* _Exercise_
In the material below, pictures must be dropped. Repeat exactly, and only, the lines from the line with "Бристоль, Великобритания. Бристоль" to the line with "일상이 된 디스토피아입니다.", both ends included.

* _Data shown_
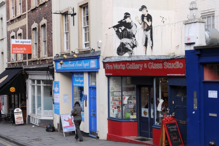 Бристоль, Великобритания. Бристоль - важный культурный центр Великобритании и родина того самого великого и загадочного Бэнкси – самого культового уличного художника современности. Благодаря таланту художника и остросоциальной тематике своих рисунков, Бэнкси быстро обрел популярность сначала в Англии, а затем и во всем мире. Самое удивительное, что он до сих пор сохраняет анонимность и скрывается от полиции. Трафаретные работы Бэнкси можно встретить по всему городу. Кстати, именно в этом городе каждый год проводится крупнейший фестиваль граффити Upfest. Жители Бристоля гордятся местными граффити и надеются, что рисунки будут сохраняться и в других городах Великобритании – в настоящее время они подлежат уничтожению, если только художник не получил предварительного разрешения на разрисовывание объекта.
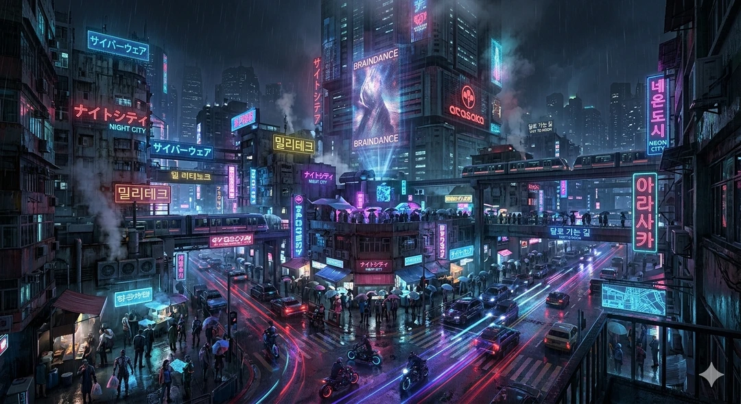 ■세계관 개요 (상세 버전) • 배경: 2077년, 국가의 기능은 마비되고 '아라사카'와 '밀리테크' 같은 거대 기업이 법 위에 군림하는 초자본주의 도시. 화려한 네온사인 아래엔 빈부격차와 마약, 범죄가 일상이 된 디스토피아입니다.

---

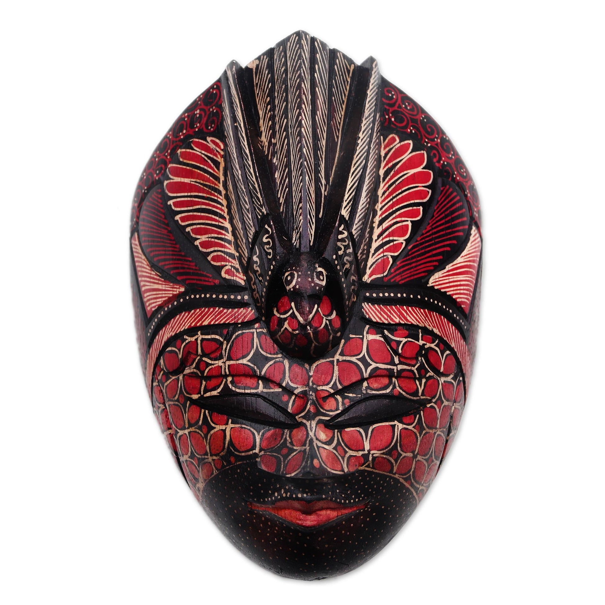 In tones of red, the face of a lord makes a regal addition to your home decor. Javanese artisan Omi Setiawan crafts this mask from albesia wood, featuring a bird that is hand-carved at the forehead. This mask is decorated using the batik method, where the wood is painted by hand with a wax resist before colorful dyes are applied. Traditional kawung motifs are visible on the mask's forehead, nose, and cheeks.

...

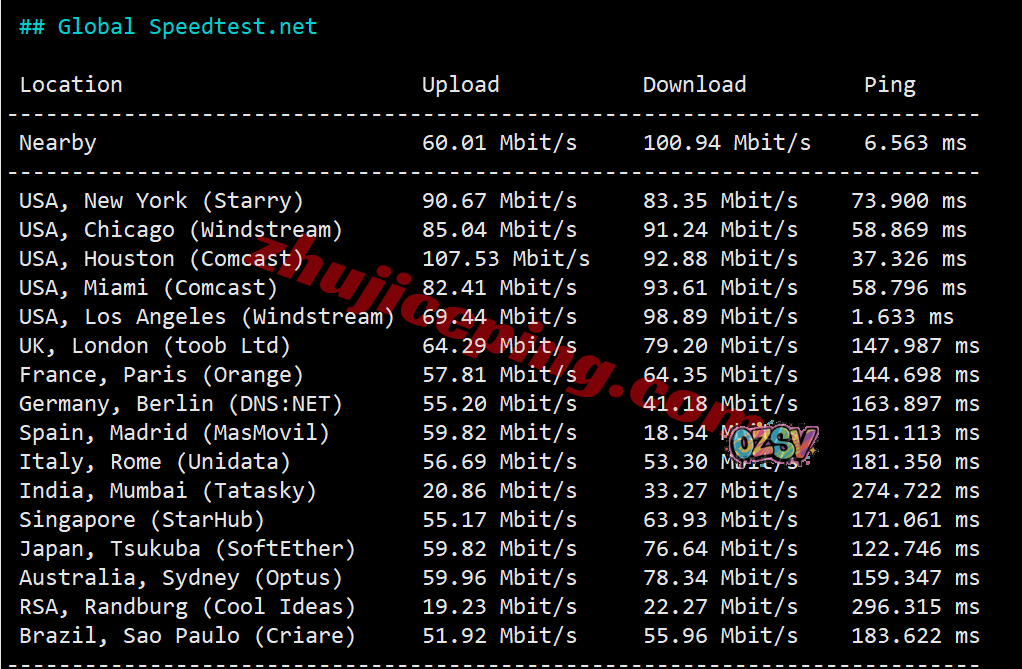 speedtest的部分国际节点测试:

* _Result of this task_
 Бристоль, Великобритания. Бристоль - важный культурный центр Великобритании и родина того самого великого и загадочного Бэнкси – самого культового уличного художника современности. Благодаря таланту художника и остросоциальной тематике своих рисунков, Бэнкси быстро обрел популярность сначала в Англии, а затем и во всем мире. Самое удивительное, что он до сих пор сохраняет анонимность и скрывается от полиции. Трафаретные работы Бэнкси можно встретить по всему городу. Кстати, именно в этом городе каждый год проводится крупнейший фестиваль граффити Upfest. Жители Бристоля гордятся местными граффити и надеются, что рисунки будут сохраняться и в других городах Великобритании – в настоящее время они подлежат уничтожению, если только художник не получил предварительного разрешения на разрисовывание объекта.
 ■세계관 개요 (상세 버전) • 배경: 2077년, 국가의 기능은 마비되고 '아라사카'와 '밀리테크' 같은 거대 기업이 법 위에 군림하는 초자본주의 도시. 화려한 네온사인 아래엔 빈부격차와 마약, 범죄가 일상이 된 디스토피아입니다.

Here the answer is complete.